Shortly after Schrödinger's wave mechanics and Heisenberg's matrix mechanics (Schrödinger published his equations a few months after Heisenberg's publication) Max Born and Paul Dirac proved that these two mechanics were in fact two different mathematical models of the same phenomenon. In fact, they each describe the quantum theory, but their mathematical expression is different.

It becomes a matrix when you write the value of a physical object scattered in waves over space and time in a cluster. In a sense, matrix mechanics is more mathematically powerful, because more mathematical processes can be applied to the matrix.

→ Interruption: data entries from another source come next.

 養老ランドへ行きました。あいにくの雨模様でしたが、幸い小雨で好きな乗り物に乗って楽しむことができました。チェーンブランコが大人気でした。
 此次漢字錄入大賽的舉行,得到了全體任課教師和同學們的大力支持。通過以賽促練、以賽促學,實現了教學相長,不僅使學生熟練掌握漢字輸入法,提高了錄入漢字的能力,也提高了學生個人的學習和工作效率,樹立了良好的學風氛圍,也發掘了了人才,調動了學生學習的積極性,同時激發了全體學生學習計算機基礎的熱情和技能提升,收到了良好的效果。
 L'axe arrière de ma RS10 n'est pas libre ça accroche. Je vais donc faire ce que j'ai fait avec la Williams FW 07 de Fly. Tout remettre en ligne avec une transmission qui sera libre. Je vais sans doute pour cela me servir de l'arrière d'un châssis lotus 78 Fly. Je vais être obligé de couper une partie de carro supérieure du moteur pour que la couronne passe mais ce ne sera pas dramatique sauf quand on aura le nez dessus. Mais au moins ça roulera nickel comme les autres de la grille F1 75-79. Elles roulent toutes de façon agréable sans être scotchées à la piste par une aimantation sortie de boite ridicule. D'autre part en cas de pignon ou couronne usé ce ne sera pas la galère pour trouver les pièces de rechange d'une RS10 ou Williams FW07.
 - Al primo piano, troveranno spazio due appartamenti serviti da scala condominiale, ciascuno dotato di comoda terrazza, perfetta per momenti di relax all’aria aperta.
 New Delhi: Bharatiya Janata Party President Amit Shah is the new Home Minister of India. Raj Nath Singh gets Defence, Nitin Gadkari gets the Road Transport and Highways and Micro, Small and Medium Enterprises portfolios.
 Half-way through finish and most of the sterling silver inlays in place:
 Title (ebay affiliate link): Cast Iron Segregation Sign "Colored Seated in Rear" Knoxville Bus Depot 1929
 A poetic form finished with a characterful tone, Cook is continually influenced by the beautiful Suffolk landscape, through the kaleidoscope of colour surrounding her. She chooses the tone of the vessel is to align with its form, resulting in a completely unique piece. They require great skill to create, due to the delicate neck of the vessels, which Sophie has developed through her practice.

It is also convenient for calculations because the computer code matrix is much easier to understand.

What is the cy-function or wave of Schrödinger's equation? Is it a particle wave? No, Max Burn said it was actually an abstract mathematical construction. Its true meaning appears only when its square is calculated. The square of the cy-function (| ψ | 2) indicates the probability of finding that particle somewhere.

This is known as the Copenhagen explanation. Those who work with quantum mechanics say that it is better to calculate silently (shut up, and calculate) than to know and understand more! Only then will you find a testable solution. Feynman also said that no one understands quantum mechanics.

Understandably or not, quantum mechanics has now become a fundamental and important element of modern education. No one can make a solid-state device without knowing it, no one can understand the speed-nature of that device. So students of electrical engineering also have to learn it.

If you don't know it, you can't understand the bond of the element, so the chemistry student also reads it. There are no Hen branches of Materials Engineering, Photonics, Condensed Matter-Science and Engineering where Quantum Mechanics is not required.